Gold prices failed to sustain Friday’s upside break of 100-day Exponential Moving Average (EMA) while taking rounds to $1,462 amid Monday’s Asian session. That said, the bullion also seems to ignore the recent trade negative news from Axios.

Although the Wall Street Journal (WSJ) cited diplomats from the United States (US) and China while conveying no side effects on the phase-one talks, recent reports from Axios suggest otherwise. The news says that the deal is now stalled because of the Hong Kong legislation and may only happen at "year-end at the earliest." While disagreement over the rollback of the US tariffs and China’s guarantee on the agricultural import was reported as the main roadblocks, the US interference in the Hong Kong issue is likely an underlying reason that is up for grabs.

The market seems to wait for confirmation after the recently released data over the weekend, from China, showed spread optimism among the global market watchers. With this, the US 10-year treasury yields stay positive around 1.79%.

The yellow metal’s lack of response could also be attributed to the US dollar’s (USD) broad strength. With the US Federal Reserve (Fed) officials entering the blackout period while holding a neutral policy bias, coupled with overall positive data, keeps the greenback traders’ optimism intact.

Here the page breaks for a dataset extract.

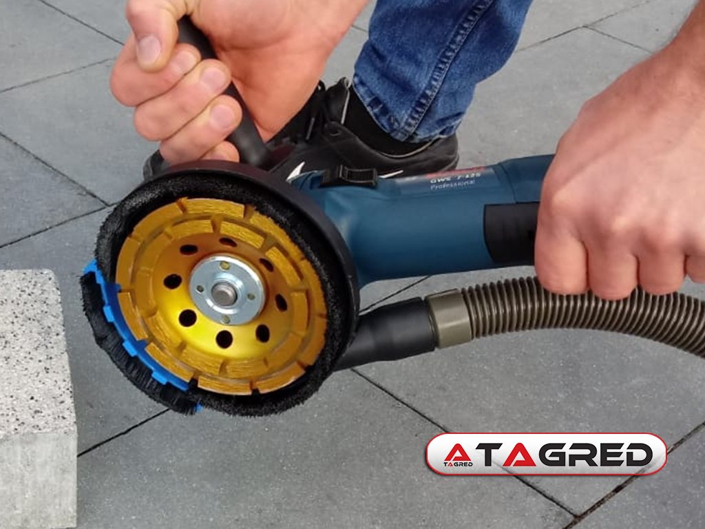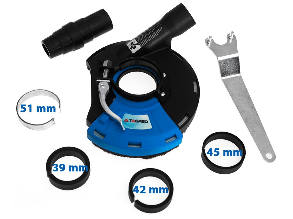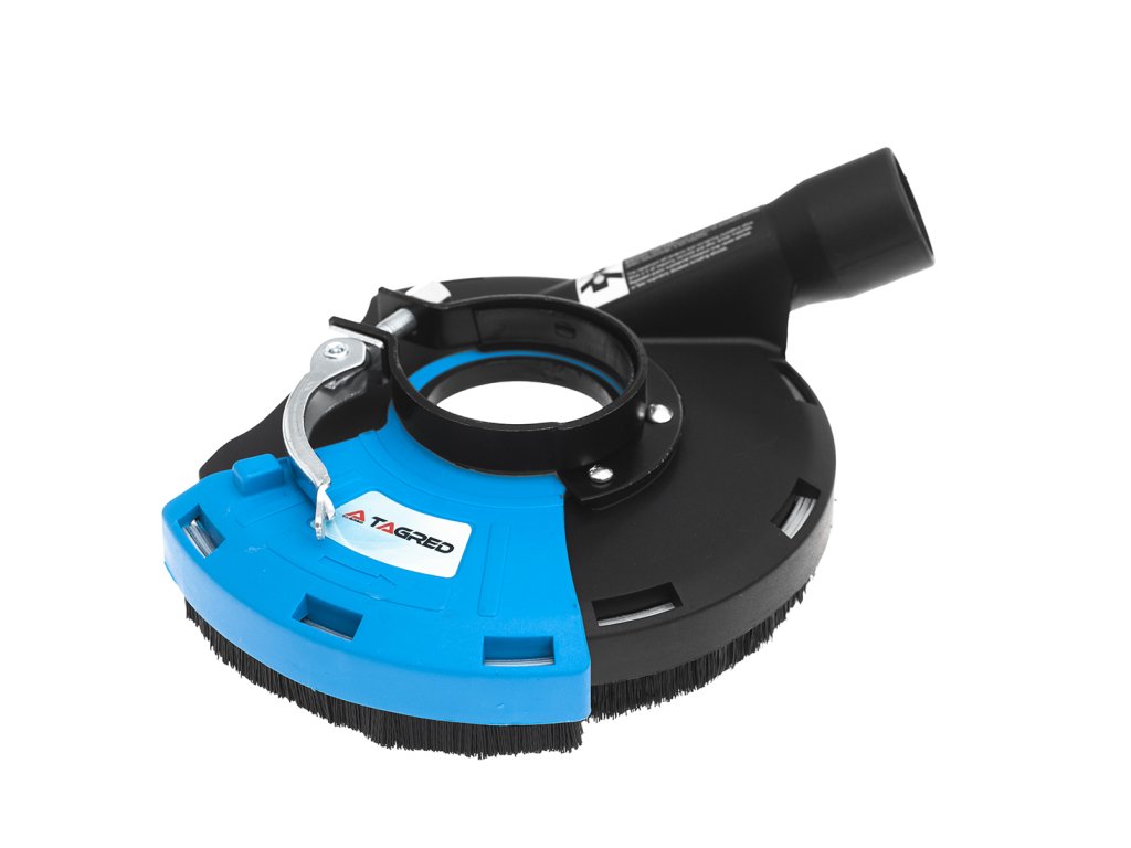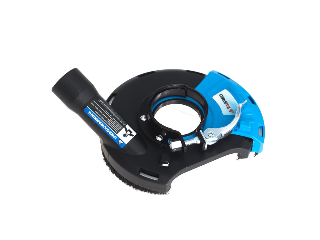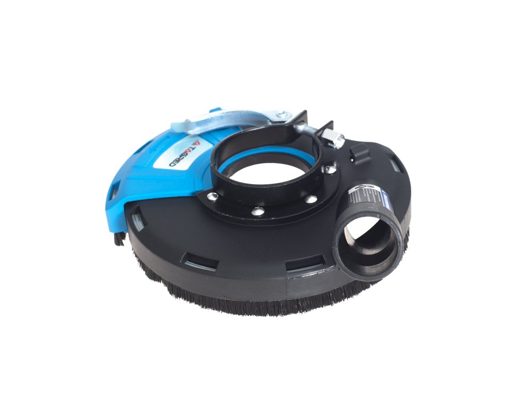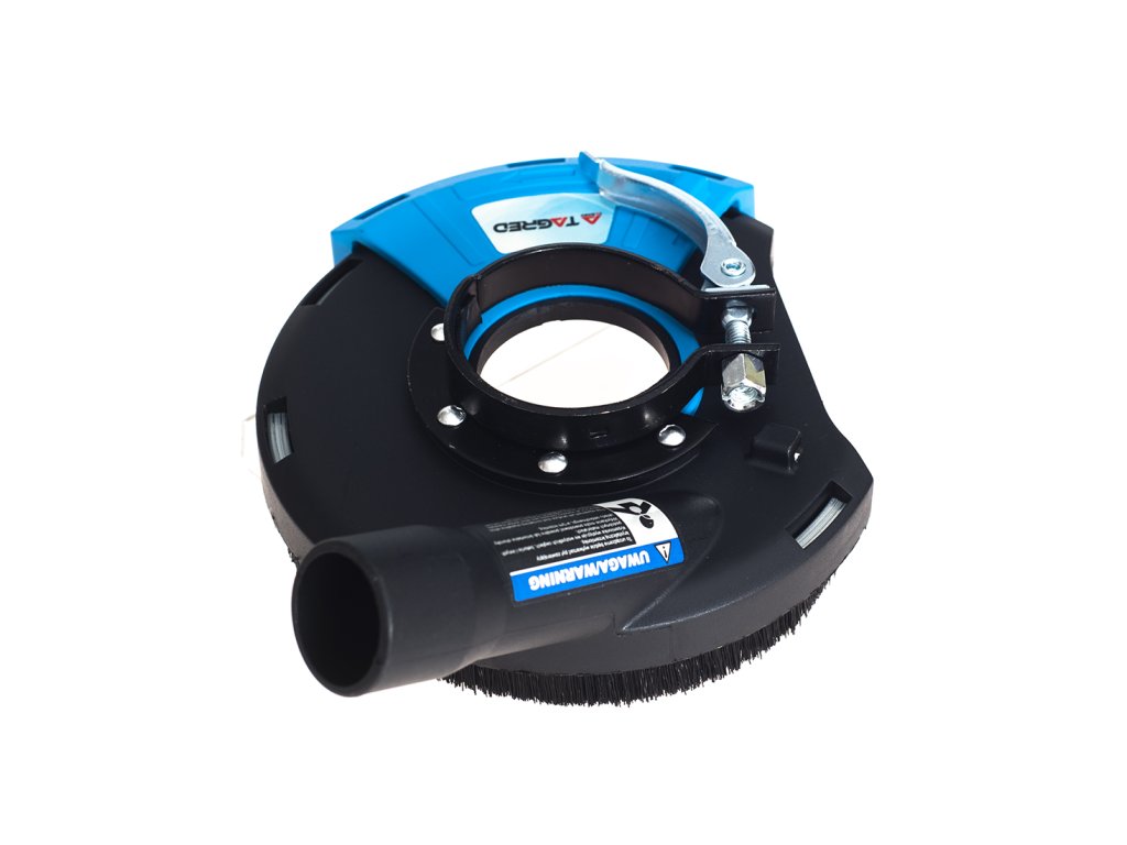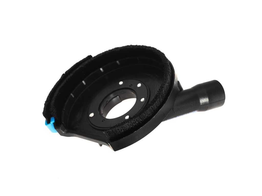 A Sarokcsiszolóhoz készült szívó burkolat kefés kosárral ideális megoldást kínál a hatékony védelem érdekében a csiszolás során. Ez az adapter biztosítja a maximális káros por elszívását sima felületeken végzett munka közben, és a szabványos fém burkolat helyett a vágóorsó gallérjára rögzíthető, ami garantálja a szoros és szilárd kapcsolatot a csiszolóeszközzel. A működés során minden stabil marad, és a por szinte 100%-ban elszívódik.

Looking forward, traders will mostly concentrate on the month-start data from the US for immediate direction while trade/political headlines could keep dominating the major sentiment. Among the scheduled statistics, the US ISM Manufacturing Purchasing Manager Index (PMI) will be the key. “The US data calendar is worth watching. The manufacturing ISM survey plunged from late 2018 to a low of 47.8 in Sep 2019. The index recovered to 48.3 in Oct and consensus is 49.5 for Nov. Oct construction spending is due, seen up 0.4% MoM. Surprises in this series often produce changes to GDP forecast,” says Westpac.